Мужичонка смутился и поспешно ретировался, почти что сбежал, а я, довольная собой, пошла к метро.
Старое сводчатое здание ЗАГСа, с крыльцом и балюстрадой, с высокими окнами в тяжелых шторах будило прошлое, вызывало грустные воспоминания… Здесь я сама когда-то выходила замуж. Сколько надежд, сколько радости, сколько тревоги… Сколько недоумения, сколько терпения, сколько… чуть не сказала «смирения». Вот уж не дождетесь! Когда-то я проходила мимо этих окон вприпрыжку. Потом, позже — с гордо поднятой головой и сцепленными зубами (может, с тех пор и болят?). Потом равнодушно, не поднимая головы, волоча воз забот и проблем на плечах. А вот сейчас настало время для грусти.
Ничего не изменилось за эти годы. Все так же стоят свадебные кортежи, и равнодушные водители курят в сторонке, а хлопотливые тетушки и подружки оправляют сбившиеся ленты. Все те же наряды — у кого побогаче, у кого победнее… Фасоном меня трудно удивить, каких только свадебных платьев не перевидала. Цветы, естественно, все те же… ну, и мужики, разумеется. Все прежнее — я другая. В этом и состоит, наверное, главная загадка жизни.
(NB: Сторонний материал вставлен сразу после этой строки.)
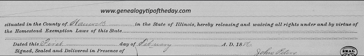 This is part of a record copy of an 1886 deed from Hancock County, Illinois–this is not the original deed, but the courthouse’s official copy of it.

Я пробиралась среди нарядных свадеб, приглядываясь, улыбаясь. Невесты были все какие-то… дурнушки. Одна только мне понравилась очень — такая светлая, ясноглазая, бровки стрелочкой — так той достался какой-то напыщенный прыщавый дуралей! Ну, куда же ты смотришь, Господи! Вот умру — попрошусь работать в загробный отдел планирования счастливых супружеств. Слово «брак» я как-то не люблю. Хорошее дело браком не назовут. Но ведь так хочется найти своего суженого, того, без которого свет не мил… Я вот так и не нашла. Так все… пустяки, суррогат один. И, знаете, честно признаюсь — вот уж дело к закату, а такое ощущение, что праздника-то и не было! Обманули меня. Облапошили. Зря жила…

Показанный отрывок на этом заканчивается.